ABnin 2004 yılında 10 yeni üyeyi ve bu yılbaşında Bulgaristan ile Romanyayı bünyesine katmasına karşın karar alma sürecinde Almanya, Fransa ve İngilterenin etkisinin arttığı bildirildi.
İsveçli siyaset bilimci Jones Tallbergin çok sayıda üst düzey yetkiliyle görüşerek hazırladığı "AB Konseyinde Pazarlık Gücü" başlıklı araştırmasına göre, üye ülkelerin AB içindeki gücünü nüfus, ekonomik büyüklük ve coğrafya gibi klasik unsurlar belirliyor.
Lüksemburg Başbakanı Jean-Claude Juncker bunu, "Daha büyük ülkelerin sözü daha çok geçer. Biz (küçük ülkeler olarak) bunu asla kabul etmedik fakat herkes coğrafya ve nüfusun (karar alma sürecinde) rol oynadığının farkında" şeklinde açıklarken, AB Konseyinin yasal işler birimi başkanı Jan-Claude Piris, "Pazarlık gücünü açıklamada en önemli faktör ülkelerin nüfus ve ekonomik büyüklüğü" değerlendirmesini yaptı.

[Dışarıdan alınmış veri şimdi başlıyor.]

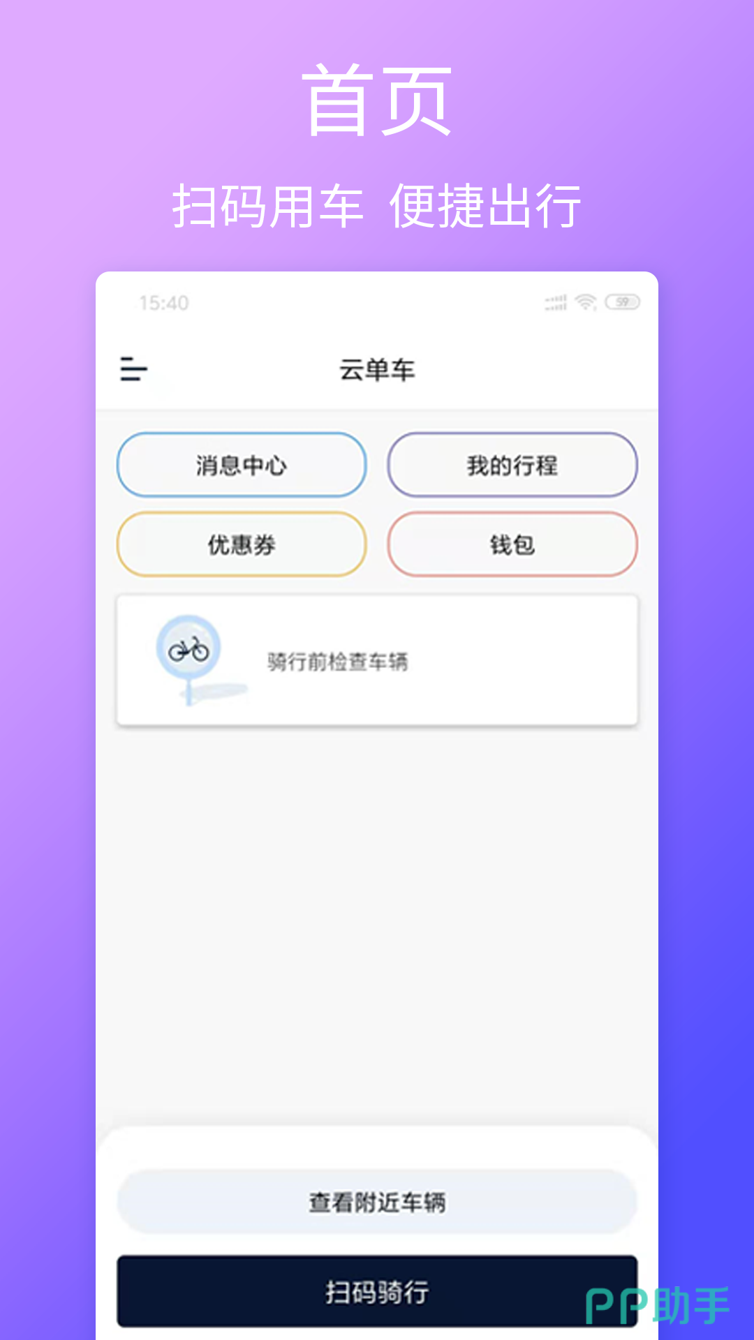 在大学校园里,随处可见的是各种品牌的共享单车。这是大多数大学生的出行方式。骑电单车这款APP。就是可以支持用户扫码开车和还车服务的一款骑单车的软件。相对于打车来说。骑电单车更加的灵活,随用随开就可以。而且如果遇到上下班儿的拥堵时间骑电单车是最快的一种交通方式。
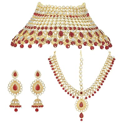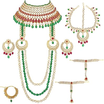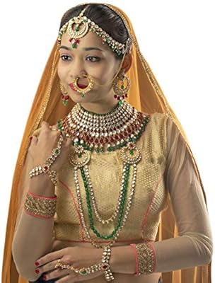 If you want some refreshing ideas for your wedding day start following our pinterest boardif you need a personalized session we offer complimentary one on one in store consultations. Aheli indian bridal jewelry set faux kundan long choker necklace dangle earrings mathapatti headpiece haath phool with nose ring red green 6599 65.

Araştırma sonuçları doğrultusunda hazırlanan raporda, küçük ülkelerin özel ilgi alanlarına giren konularda zaman zaman belirleyici olabildiği anlatılırken buna örnek olarak Kıbrıs Rum kesiminin katılımından önce Yunanistanın Türkiye ve Kıbrısla ilgili konularda, Belçikanın eski sömürgesi Orta Afrikayla ve Hollandanın aynı şekilde Endonezyayla ilgili konularda, İskandinav ülkelerinin Baltık ve Barents bölgelerinde ve İspanyanın Akdenizde etkinliği gösterildi.
VETO SİLAHI
ABnin 27 üyeye çıkmasıyla "veto silahını kullanma" gücünün azaldığı vurgulanan raporda, kurumsal reform konularında Polonyanın ve Türkiye ile ilişkilerde Kıbrıs Rum kesiminin veto tehdidini kullanmasının bu durumun istisnaları olduğu belirtildi.
Raporda, AB kuruluşunda 6 üyeyken bir ülkenin veto kullanmasıyla şimdi 26 ülkeyi karşısına almak anlamına gelecek veto kullanımının farkına vurgu yapıldı.

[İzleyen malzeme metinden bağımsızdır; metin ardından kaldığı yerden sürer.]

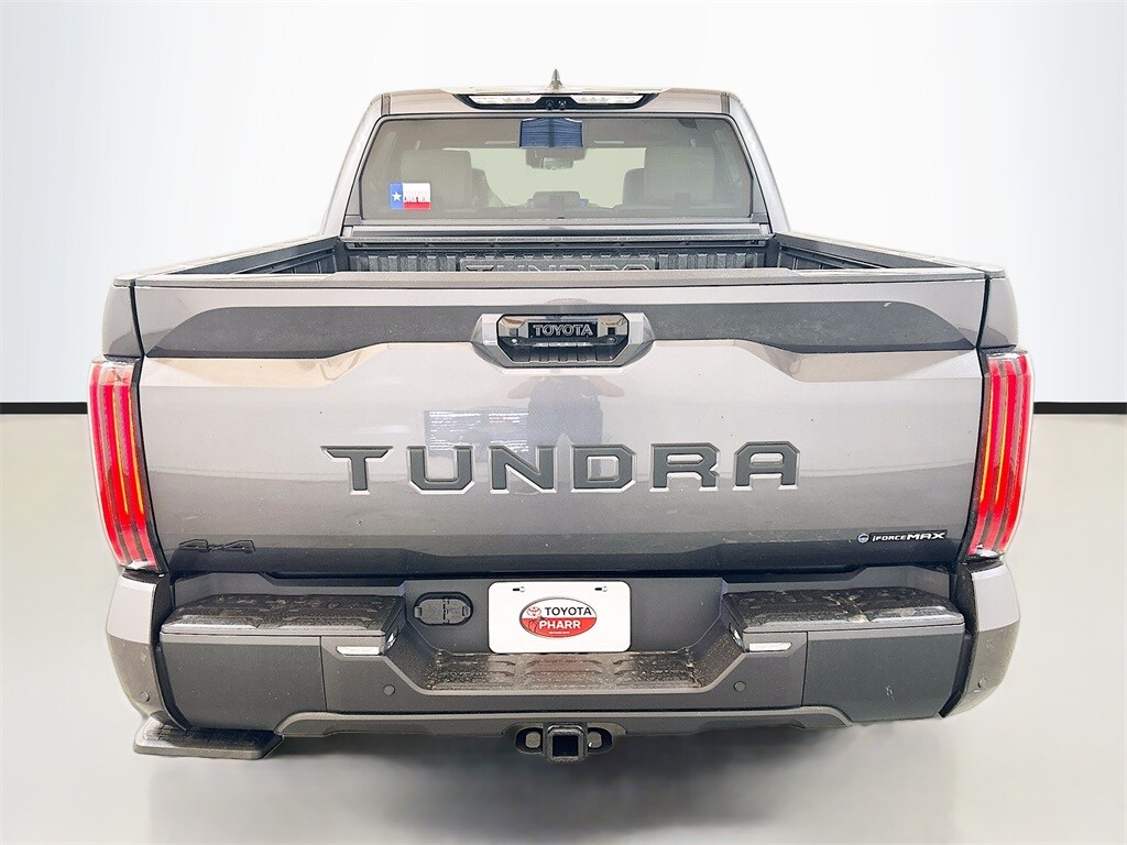 2026 Toyota Tundra Hybrid Magnetic Gray Metallic 4WD Limited 10-Speed Automatic 3.4L V6 3.4L V6, 20" Alloy Wheels, 3.31 Axle Ratio, 4-Wheel Disc Brakes, 400W/120V AC Rear Seat & Bed Power Supply, 9 Speakers, ABS brakes, Air Conditioning, Alloy wheels, AM/FM radio: SiriusXM, Apple CarPlay/Android Auto, Auto High-beam Headlights, Auto-dimming door mirrors, Auto-dimming Rear-View mirror, Automatic temperature control, Bed Step, Black Overfenders and Rear Bumper, Blind Spot Monitor, Brake assist, Bumpers: body-color, Delay-off headlights, Driver door bin, Driver vanity mirror, Dual front impact airbags, Dual front side impact airbags, Dual-Step Running Board - Black, Electronic Stability Control, Emergency communication system: Safety Connect (up to 10-year trial subscription), Exterior Parking Camera Rear, Front anti-roll bar, Front Bucket Seats, Front Center Armrest, Front dual zone A/C, Front fog lights, Front reading lights, Front wheel independent suspension, Fully automatic headlights, Garage door transmitter: HomeLink, Heated and Ventilated Front Bucket Seats, Heated door mirrors, Heated front seats, Heated Leather Steering Wheel, Heated Power-Folding Color-Keyed Outer Mirrors, Heated steering wheel, High Grade Full LED Headlamp, Illuminated entry, JBL Premium Audio, Knee airbag, Leather Seat Trim, Leather Shift Knob, Leather steering wheel, Limited Power Package, Limited Premium Package, Limited PVM Package, Low tire pressure warning, Memory seat, Multi-Terrain Back Monitor, Navigation system: Drive Connect Cloud Navigation (1-year trial subscription), Nightshade Package, Occupant sensing airbag, Outside temperature display, Overhead airbag, Overhead console, Panic alarm, Panoramic Sun Roof, Panoramic View Monitor, Passenger door bin, Passenger vanity mirror, Power door mirrors, Power driver seat, Power passenger seat, Power steering, Power windows, Qi-Compatible Wireless Smartphone Charging, Radio data system, Radio: Audio Plus, Rear reading lights, Rear seat center armrest, Rear step bumper, Rear window defroster, Remote keyless entry, Security system, Speed control, Speed-sensing steering, Split folding rear seat, Steering wheel mounted audio controls, Tachometer, Telescoping steering wheel, Tilt steering wheel, Towing Technology Package, Traction control, Trip computer, Turn signal indicator mirrors, Variably intermittent wipers, Ventilated front seats, Voltmeter, Wheels: 20" Matte-Black Alloy, 3.4L V6. Price includes: $3000 - TMS Customer Cash . Exp. 02/02/2026
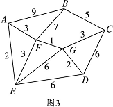 现给出该地区可铺设道路的线路图如图3,则铺设道路的最小总费用为__________。
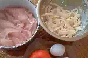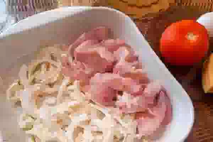 1. Сначала надо подготовить репчатый лук. Луковицу очистить, разрезать пополам и нарезать полукольцами толщиной около 5 мм. Положить нарезанный лук на сито, ошпарить кипятком и дать воде стечь. Переложить лук в миску, добавить майонез, перемешать. Оставить лук мариноваться в майонезе, пока подготавливаете остальные продукты для запеканки. Пока маринуется лук, куриное филе промыть под проточной холодной водой, обсушить на бумажном полотенце. Каждое филе нарезать ломтиками поперек волокон. Каждый ломтик можно дополнительно слегка отбить.
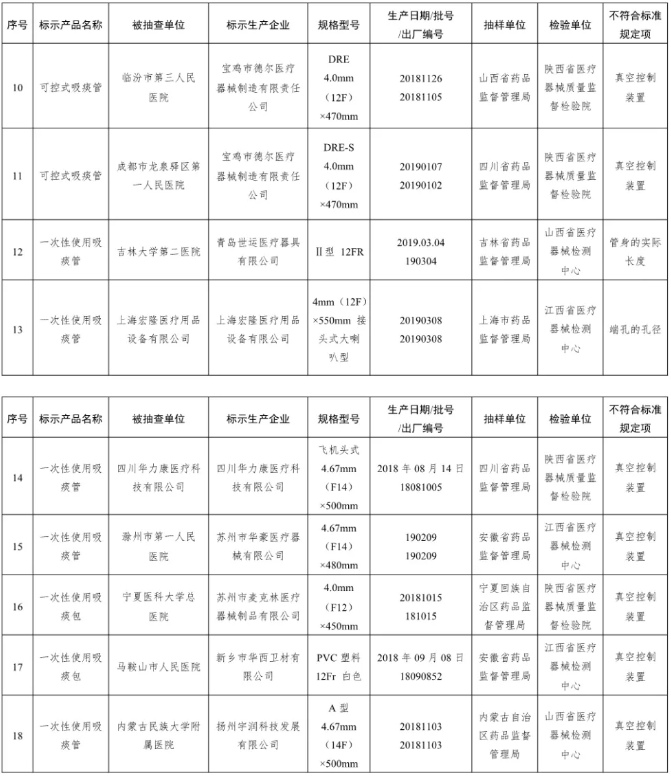 (五)呼吸道用吸引導管(吸痰管)11批次產品:寶雞市德爾醫療器械制造有限責任公司、青島世運醫療器具有限公司、上海宏隆醫療用品設備有限公司、四川華力康醫療科技有限公司、蘇州市華豪醫療器械有限公司、蘇州市麥克林醫療器械制品有限公司、新鄉市華西衛材有限公司、揚州宇潤科技發展有限公司、億信醫療器械股份有限公司生產,涉及真空控制裝置、管身的實際長度、端孔的孔徑不符合標準規定。

ABde en etkili ülkelerin Almanya, Fransa ve İngiltere olarak verildiği raporda, İtalyanın iç siyasetindeki gelişmeler nedeniyle bu gurubun arkasında kaldığı ve İtalyanın boşluğunu doldurmaya kalkan İspanyanın başarılı olamadığı ifade edildi.
Son dönemde AB içinde "yaramaz çocuk" rolüne soyunan Polonyaya "güçlü ülkeler arasında olmadığını kabul etmesi" tavsiyesinde bulunulan raporda, bir önceki dönem başkanı Finlandiyanın Dışişleri Bakanı Erkki Tuomiojanın "Eğer ev ödevlerini iyi çalışmışlarsa küçük ülkeler bile dönem başkanlıklarında çok etkili olabiliyorlar. Her zaman dönem başkanı (güç sıralamasında) bir numaradır" görüşüne yer verildi.
Raporda, diplomatik gözlemcilere dayanılarak, bazı devlet ve hükümet başkanlarının kişisel etkinlikleri değerlendirilirken, Fransa Cumhurbaşkanı Jacques Chirac için "inatçı ve zeki bir siyasi hayvan, biraz kibirli, huysuzluğuyla diğerleri üzerinde korku yaratabilen ve neredeyse her zaman çok etkili", Almanyanın eski Başbakanı Gerhard Schröder için "şaşırtıcı derecede sessiz, siyasi oyunlara ilgisiz, tartışmalardan kaçınan ve bunun sonucunda, konuştuğunda dinlenmesine rağmen başkalarının Alman çıkarlarına kendiliğinden saygı duymalarına bağımlı", İngiltere Başbakanı Tony Blair için "Lizbon süreciyle ilgili ve transatlantik konular dışında etkinliği danışmanlarının göstermeye çalıştığından daha az, başkalarının oyunlarını bozmasına karşın oyun kurucu değil" ve İtalyanın eski Başbakanı Silvio Berlusconi için "liderlik disiplinine uymayan, AB konularına ilgisi sınırlı, kararsız müzakereci ve kulübün komedyeni rolünü benimsemiş" denildi.